(TASK TO CARRY OUT)
Leave out the images and output the records word for word.

(DATASET ENTRIES)
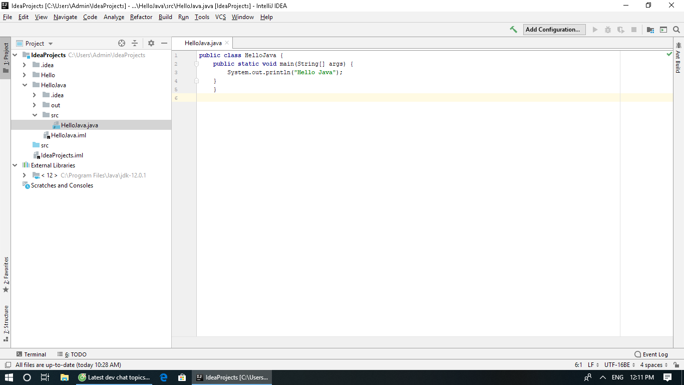 Đây là chương trình HelloJava e làm theo hướng dẫn từ những người dạy trên mạng. E không biết vì sao nút run nó ko hiện lên màu xanh, và cũng ko có hiện ở mỗi đầu dòng. E có thử chọn mục Run rồi chọn Run và nó hiện lên Debug, có edit configuration.
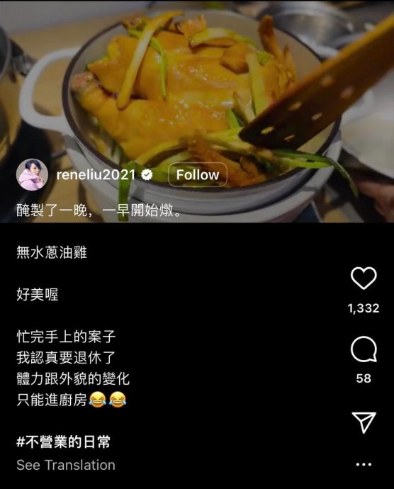 刘若英20日分享无水葱油鸡的腌制到烹调的过程,她忍不住赞叹“好美喔”,之后突然提到:“忙完手上的案子,我认真要退休了,体力跟外貌的变化,只能进厨房。”并附上2个哭到笑的脸。
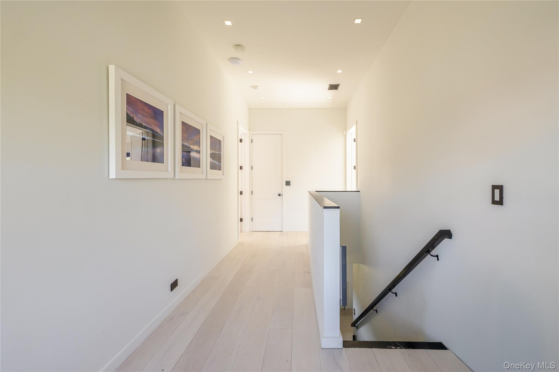 - Hall with an upstairs landing, light wood-style flooring, and recessed lighting
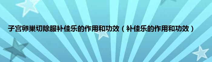 本文,子宫卵巢切除服补佳乐的作用和功效,补佳乐的作用和功效到此就分享完毕,希望对大家有所帮助。
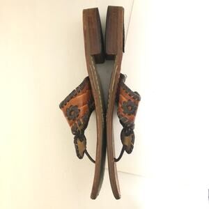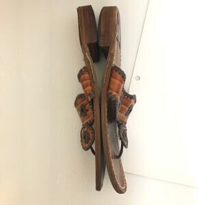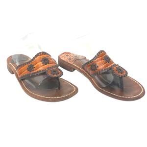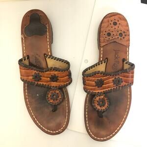 Jack Rogers Low Slide Thong Sandal Wide Whipstitch Vamp Cognac Croc Brown Tan
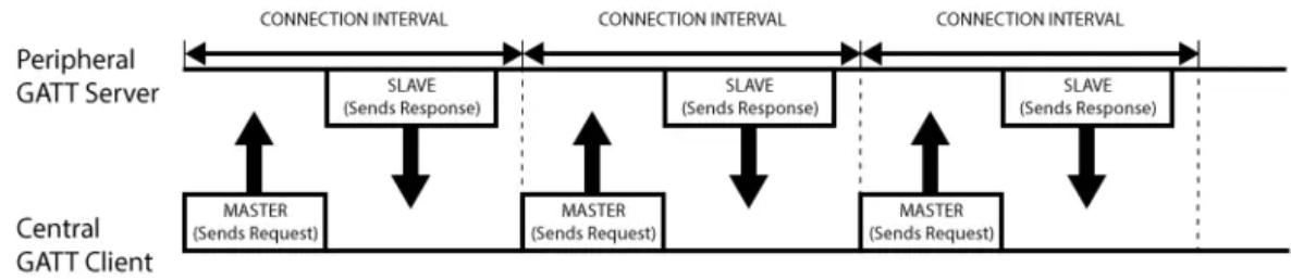 所有的通知时间,都是由客户端发起,并且接收服务端的响应 一旦建立连接,外设将会给中心设备一个连接间隔,这样中心设备i就会在每个连接间隔尝试去连接,检查是否有新的数据。但是,这个连接间隔只是一个建议,中心设备可能不会严格按照设定的间隔执行。 下图为外设(GATT服务端)与中心设备(GATT客户端)之间的数据交流流程,可以看到的时,每次都是中心设备发起请求:
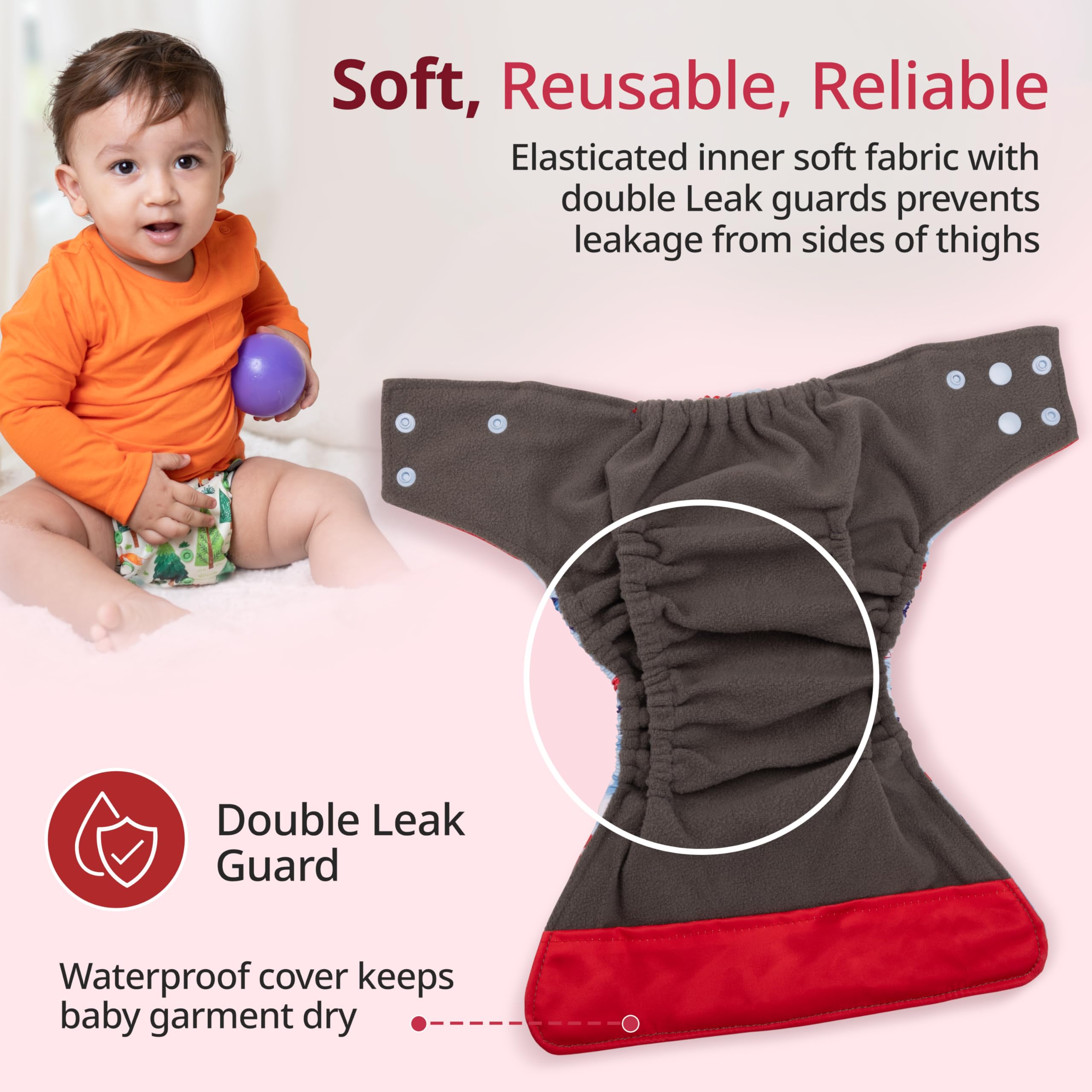 LuvLap Reusable Baby Cloth Diaper Double Leak Guard High Absorption Quick Dry Stain-Proof Comfort & Protection 3m+ Adjustable Waist & Height with snap Buttons Absorbent Insert Blue Ships

(WORKED SOLUTION)
 Đây là chương trình HelloJava e làm theo hướng dẫn từ những người dạy trên mạng. E không biết vì sao nút run nó ko hiện lên màu xanh, và cũng ko có hiện ở mỗi đầu dòng. E có thử chọn mục Run rồi chọn Run và nó hiện lên Debug, có edit configuration.
 刘若英20日分享无水葱油鸡的腌制到烹调的过程,她忍不住赞叹“好美喔”,之后突然提到:“忙完手上的案子,我认真要退休了,体力跟外貌的变化,只能进厨房。”并附上2个哭到笑的脸。
 - Hall with an upstairs landing, light wood-style flooring, and recessed lighting
 本文,子宫卵巢切除服补佳乐的作用和功效,补佳乐的作用和功效到此就分享完毕,希望对大家有所帮助。
 Jack Rogers Low Slide Thong Sandal Wide Whipstitch Vamp Cognac Croc Brown Tan
 所有的通知时间,都是由客户端发起,并且接收服务端的响应 一旦建立连接,外设将会给中心设备一个连接间隔,这样中心设备i就会在每个连接间隔尝试去连接,检查是否有新的数据。但是,这个连接间隔只是一个建议,中心设备可能不会严格按照设定的间隔执行。 下图为外设(GATT服务端)与中心设备(GATT客户端)之间的数据交流流程,可以看到的时,每次都是中心设备发起请求:
 LuvLap Reusable Baby Cloth Diaper Double Leak Guard High Absorption Quick Dry Stain-Proof Comfort & Protection 3m+ Adjustable Waist & Height with snap Buttons Absorbent Insert Blue Ships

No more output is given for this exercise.